Other important advantages of the Parquet format:
- Language agnostic.
- Highly efficient data compression and decompression.
- Supports complex data types and advanced nested data structures (arrays).
- Used for On-Line Analytical Processing (OLAP) use cases, typically in conjunction with traditional On-Line Transaction Processing (OLTP) databases.
Comparison with CSV file
The following example taken from the databricks.com site compares the improvements obtained of a 1TB dataset on Amazon S3 provider by converting the data from CSV to Parquet.
The result highlighted how the Parquet format helps users reduce storage space by at least a third on large datasets. It also significantly improved scan times and thus overall processing costs.

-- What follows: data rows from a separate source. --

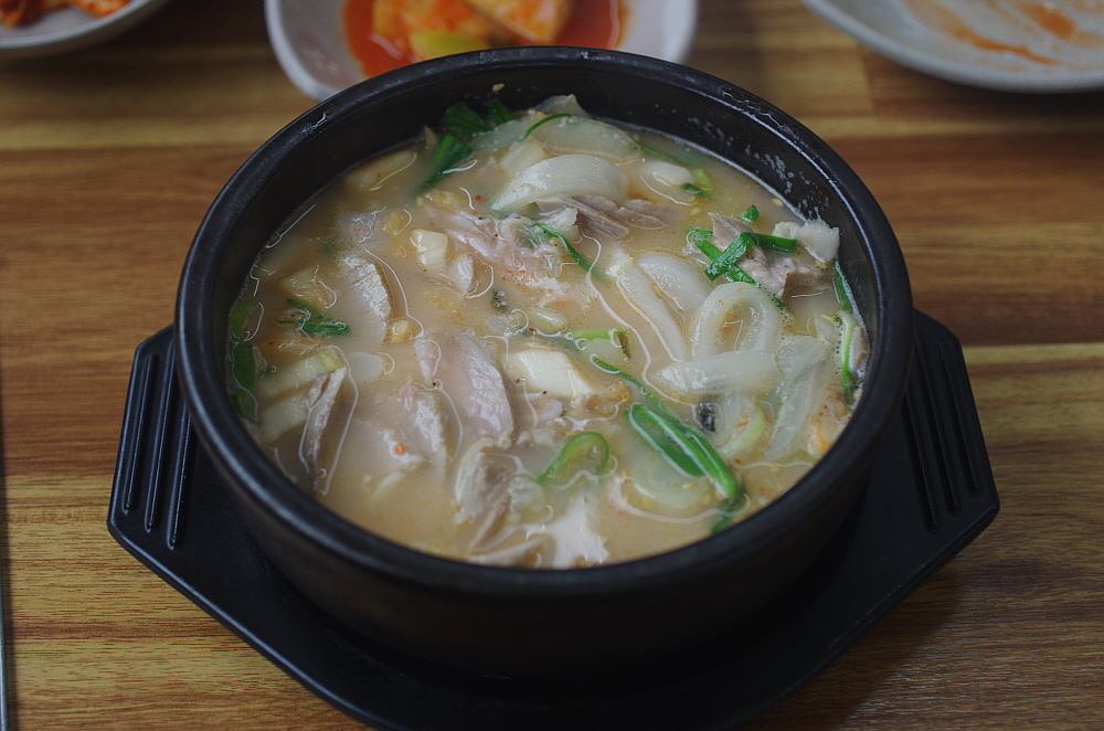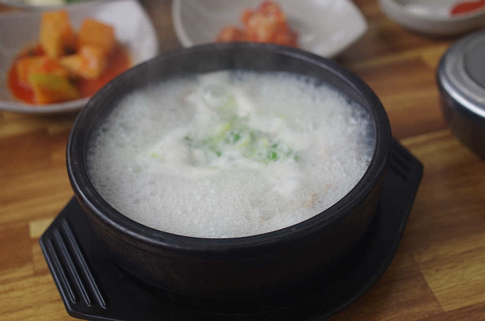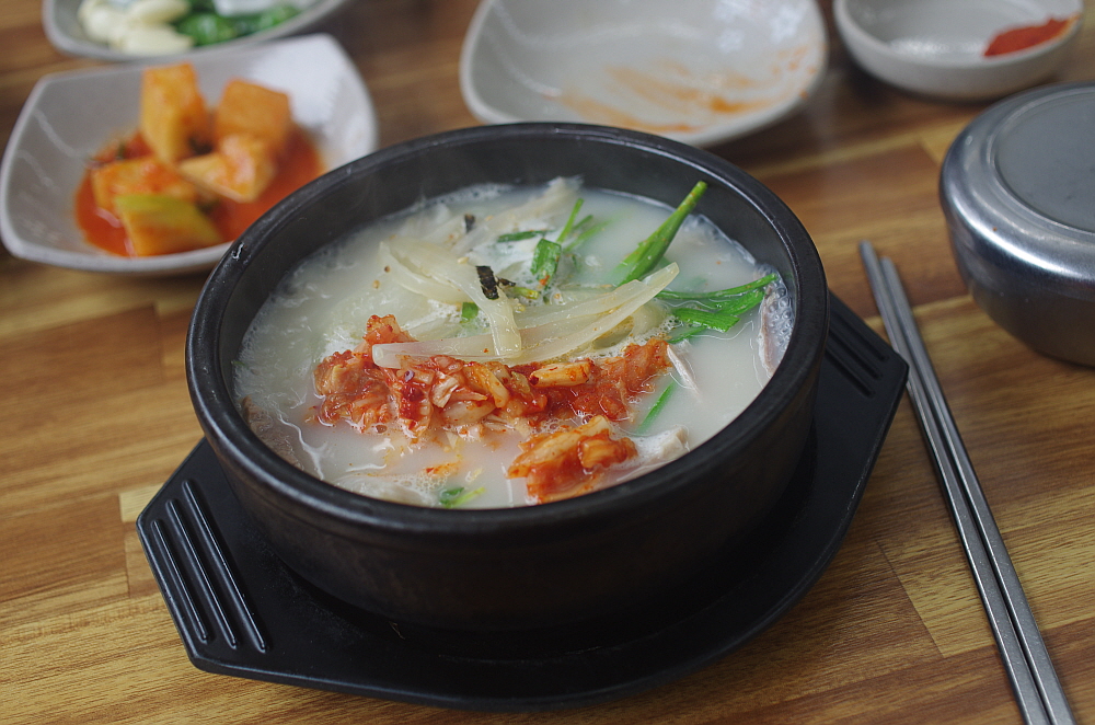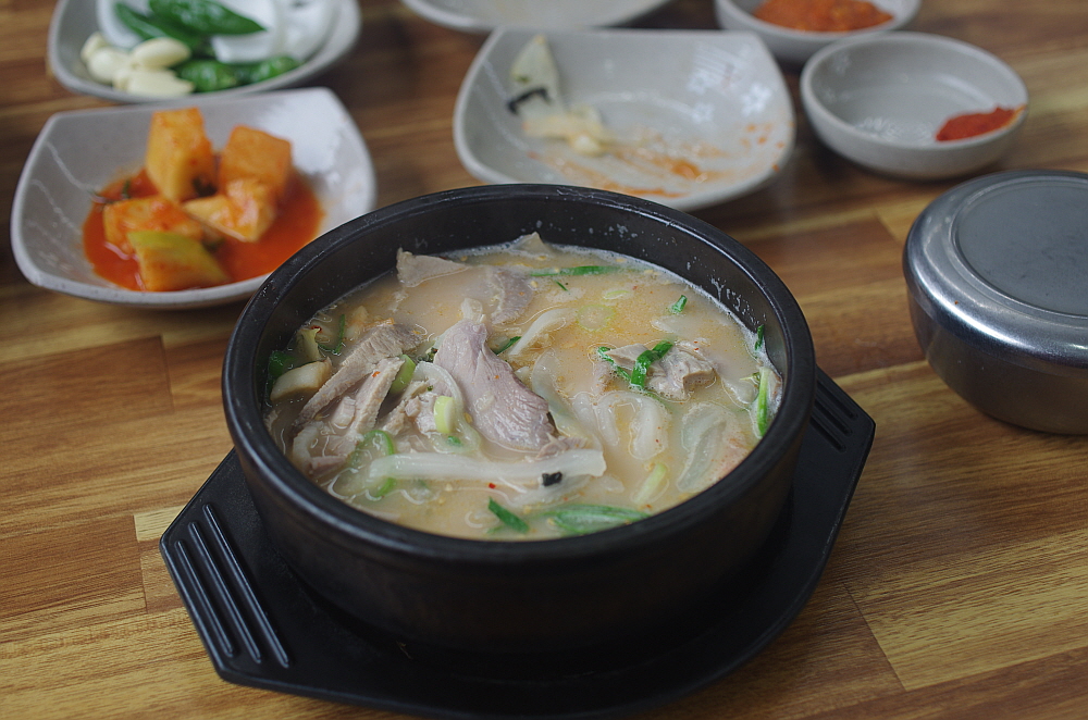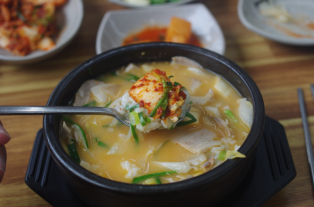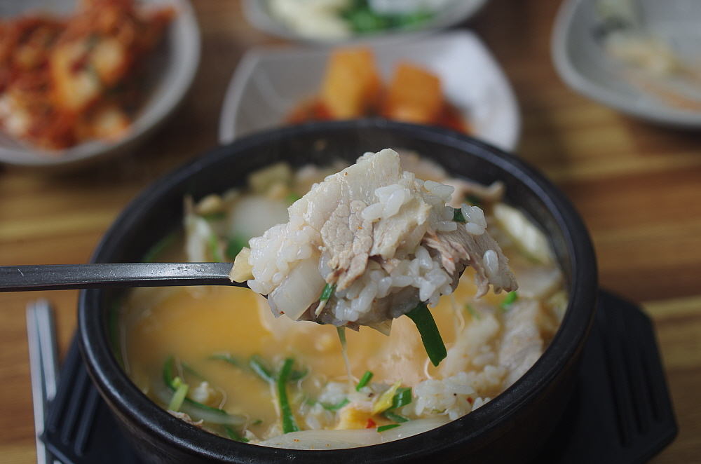 오늘의 주인공 돼지국밥도 나왔다. 뽀얀 국물이 펄펄 끓고 있는 모습이 우리가 늘 먹었던 국밥의 전형적인 비주얼이었다. 순대국처럼 돼지국밥도 손님의 취향대로 약간의 레시피로 조리를 해야 한다. 변호인이라는 송강호 나오는 영화의 대사처럼 정구지, 즉 부추무침을 많이 넣고, 다대기 양념장도 넣고, 잘게 썰어 나온 김치와 새우젓도 넣는다. 순대국과 다른 점은 들깨가루와 고추씨기름이 없다는 것이다. 돼지국밥은 더 담백하고 라이트하게 먹는 국밥이라는 반증이다. 건더기도 좀 다른데 돼지국밥은 순대국처럼 내장이 들어가는 것 같지 않았다. 어느 부위인지 몰라도 다 돼지고기 같았다.
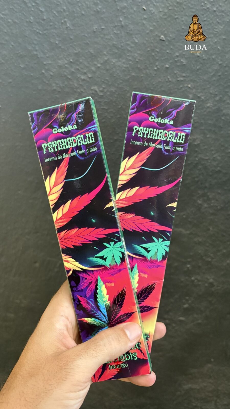 Permita-se viajar pelos sentidos com o Incenso Goloka Massala – Psychedelic e transforme o ambiente em um espaço de boas vibrações e consciência expandida.
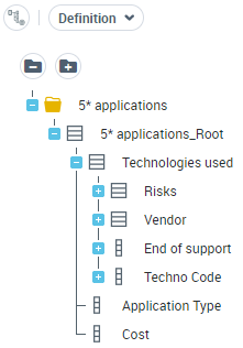 Ex. 2: this TreeSet Definition is based on the Applications that have a 5-star ranking, and displays for each of them its Technologies, and for each of its Technologies its Vendor and Risks.
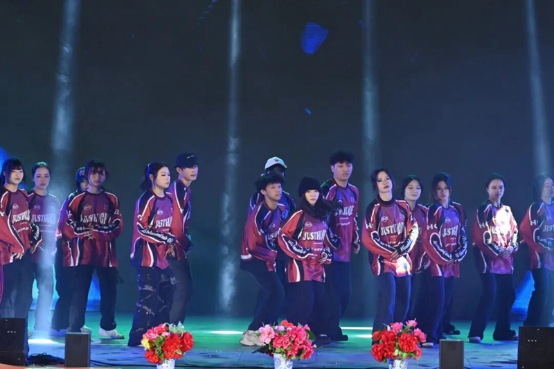 圖為現(xiàn)代舞《歡歌賀新春》(表演者:民族舞協(xié)會(huì) 汽車(chē)與機(jī)電學(xué)院學(xué)生會(huì) 羅桉桐 覃銳等)

Table 1 Comparison of CSV and Parquet formats
Dataset Format | Size on Amazon S3 | Query Run Time | Data Scanned | Cost |
CSV | 1 TB | 236 seconds | 1.15 TB | $5.75 |
Parquet | 130 GB | 6.78 seconds | 2.51 GB | $0.01 |
Savings | 87% less when using Parquet | 34x faster | 99% less data scanned | 99.7% savings |
As shown in Table 1 in the third column Query Run Time, with the use of the Parquet format we obtained a speed 34x higher than the CSV format with a cost saving of over 99%.
Conclusions
Apache Parquet is a columnar file format that provides real optimizations to speed up big data queries and is much more efficient than CSV or JSON. It allows archiving with different types of data (structured tables, images, videos and documents).
Save cloud storage space by using highly efficient column compression and flexible column coding schemes. To date, it is an indispensable format for many big data analytics solutions.
To learn more about the services I offer for this type of data, contact me directly from the contacts section, it will be a pleasure to provide you with further useful information for your business.
To learn more about the updated definition of big data, read the article What does the Big Data term really mean?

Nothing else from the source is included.